The Atmospheric Boundary Layer

The atmospheric boundary layer is the first layer of air on top of the earth surface. It is the layer of air that we as humans breathe in every day and night. Not only humans, but also animals and plants are affected by the conditions of the boundary layer.

Based on this definition, it seems like the boundary layer's maximum height is several tens of meters. However, in reality the boundary layer can become more than 4 km high. Therefore I will start by introducing a more formal and definitive definition of the boundary layer.

Besides wondering about the definition, you might ask yourself questions like:

  • Is the boundary layer a static thing? Does it develop? Does it change during the day?
  • Do we as humans impact the atmospheric boundary layer?

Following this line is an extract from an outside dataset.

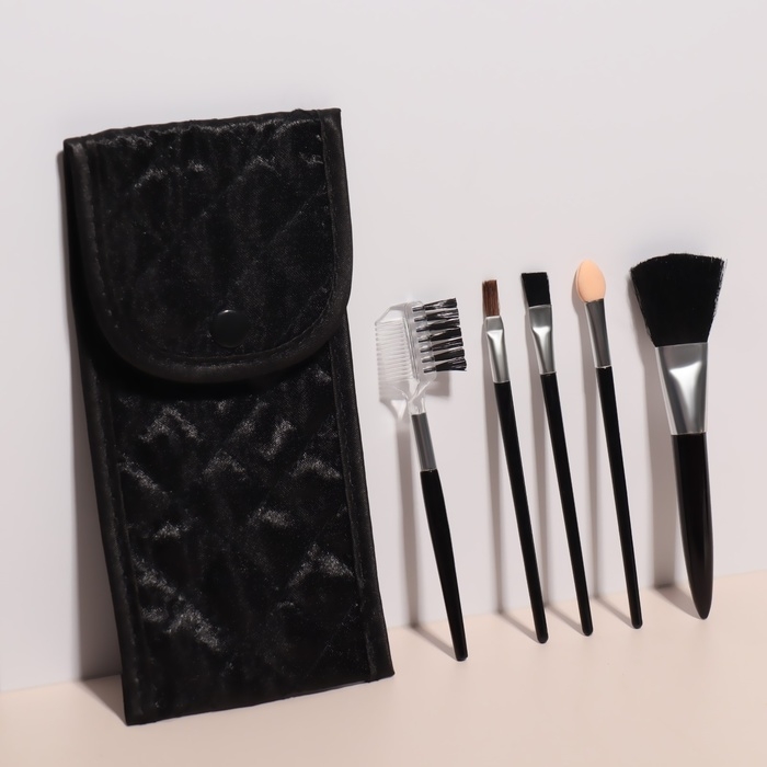 Набор кистей для макияжа, 7 предметов, чехол на кнопке, цвет чёрный

All very relevant questions that will be treated within this article. If you have any more questions that stayed unanswered by this article, don't hesitate to ask them in the comment section below.

A sketch showing where the atmospheric boundary layer is located compared to the earth and the free troposphere.

A sketch showing where the atmospheric boundary layer is located compared to the earth and the free troposphere.

The Formal Definition

The atmospheric boundary layer is the layer of air above the earth's surface that is impacted by the earth's surface.

The Practical Definition of the Atmospheric Boundary Layer

The formal definition seems not very definitive at first sight. However, it tells you to find a way to determine the height up to which the earth surface influences the atmosphere. That height is considered to be the atmospheric boundary layer height.

A solution to this riddle is the wind, because the wind is impacted by surface friction. The friction only affects the wind close to the surface, meaning that the wind is not impacted anymore by the surface friction at a certain height. This height can be considered to be the atmospheric boundary layer height.

The Wind Profile

The wind profile has two extremes, one at the earth's surface and one at the boundary layer height.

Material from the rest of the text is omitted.